Es extraño esto de las relaciones humanas. A veces estás con alguien todos los días y sientes que no le conoces, y otras no has visto nunca a otra persona y sientes que la conoces de toda la vida. Lo primero suele ser algo más común que lo segundo, que solo suele ocurrir con personas que salen habitualmente en los Medios de Comunicación. Y eso es lo que a mí me ha pasado con José Pinto.
He de decir que solo lo he visto en persona en una ocasión, durante la entrevista en directo que la televisión local le hizo las pasadas Ferias en la Plaza de los Bandos. Lo que sé de él, es todo lo que llevo viendo desde hace mucho tiempo en toda la prensa, y lo que me ha contado mi amiga Ana Esther Méndez, la periodista que precisamente le estaba entrevistando ese único día que lo vi.
Nunca tuve la oportunidad de conversar con él, aunque es algo que me hubiera encantado hacer, porque era una persona interesante, una de esas personas que dan energía, que aportan cosas positivas, de las que no tienes ganas de parar de charlar nunca porque saben de todo. Una de esas personas de las que no hay muchas.
Siempre me llamaron la atención varias cosas de él. En primer lugar, su sonrisa, la permanente sonrisa que siempre tenía, y que parecía estar tatuada en su cara. Pero además de eso, la normalidad con que llevaba lo famoso en que se había convertido, demostrando que cuando una persona desconocida empieza a salir mucho en la televisión puede seguir siendo igual de humilde de lo que lo era antes, y eso lo era bastante. También me sorprendía su sencillez, su bondad y lo bien que trataba a todo el mundo. Pero sobre todo que estuviera siempre dispuesto a ir a todos los sitios a los que le llamaban, y a conceder todas las entrevistas que le pidieran, porque eso es regalar tu tiempo, y el tiempo es lo más preciado que tiene una persona.
José Pinto era profeta en su tierra, con lo difícil que es eso. Desde hacía tiempo se había convertido en su persona más popular, más conocida y más querida. Sin quererlo se había convertido en el embajador de Salamanca. En esa persona que tus paisanos ven con orgullo y admiración, y sin necesidad de ser futbolista ni actor, con lo más difícil todavía que es eso otro. Era ese espejo en el que los padres queremos que se miren nuestros hijos, lo que queremos que algún día lleguen a ser, alguien trabajador, culto y tan encantador como lo era ese hombre.
Y así, sin avisar, se ha ido, pero dejando un último mensaje: que la vida pasa, y que hay que vivirla haciendo lo que se quiere de verdad con quien se quiere de verdad, porque un día cuando menos te lo esperas se acaba, así, sin esperarlo, y si por lo menos has vivido la vida que querías te vas con la conciencia tranquila, como estoy seguro que se ha ido él, porque esa eterna sonrisa, solo la tiene quien vive feliz cada día.

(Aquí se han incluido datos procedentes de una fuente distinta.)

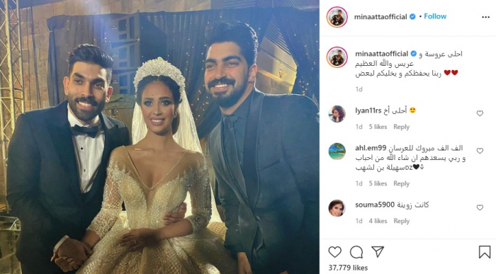 ونشر مينا صورة تجمعه بالعروس، عبر حسابه بموقع "إنستجرام"، وعلق: "أحلى عروسة وعريس والله العظيم، ربنا يحفظكم ويخليكم لبعض".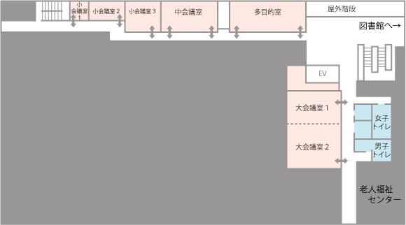 | 備考 | 設備:机6、イス18 飲食、喫煙、マイク、スピーカー等音の出る機器の使用、楽器練習、大きな声を出すこと、墨、絵の具の使用、すべて禁止。 |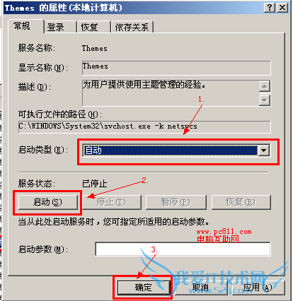 3、在打开的Themes的属性窗口中,启动类型设置成自动,并单击启动按扭,然后确定即可。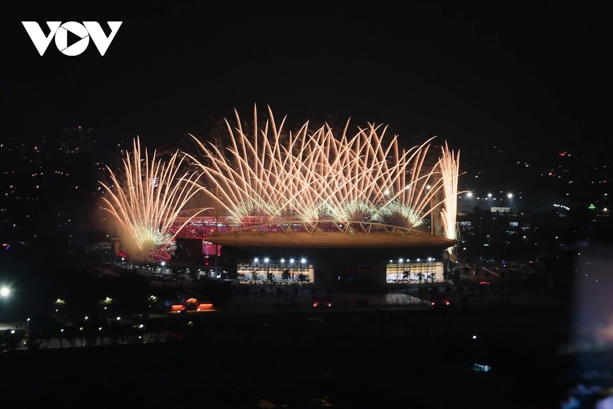 Không gian sân vận động được biến hóa thành một sân khấu khổng lồ với hệ thống âm thanh, ánh sáng hiện đại bậc nhất. Ảnh: VTV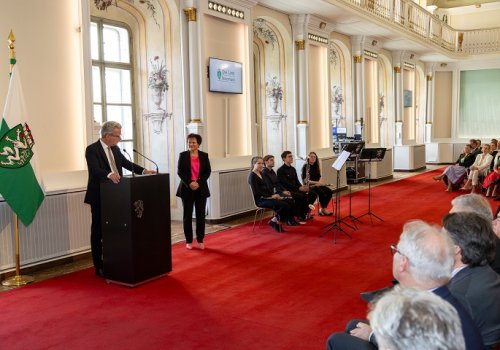 LH Mag. Christopher Drexler: „Mit einem Ehrenzeichen wollen wir die Persönlichkeit, die Tatkraft und den besonderen Einsatz derjenigen, die sich um unser Land verdient gemacht haben, würdigen und dafür Dank sagen. Danke, dass sie unser Land nicht nur durch ihre beruflichen und gemeinnützigen Leistungen mitgestaltet haben, sondern vor allem auch dadurch, dass sie ihren Idealen mit Energie und Leidenschaft gefolgt sind.“

Con todo esto yo me he dado cuenta de que se puede querer a alguien sin conocerlo, porque realmente he sentido su muerte como si se tratara de una persona de mi familia. Algo que creo que le ha pasado igualmente al resto de salmantinos.
Que la tierra te sea leve, amigo. Y sí, sin conocerte te considero mi amigo, porque lo es quien te aporta cosas en la vida, y tú me las has aportado. Son esas extrañas relacionas humanas que nos plantea la vida, la que tanto me gusta vivir, y con la que hoy estoy enfadado, porque personas como tú no deberían irse tan pronto, todavía te quedaba mucho por aportar a los demás.
Salamanca te llora, José, y nunca te olvidará.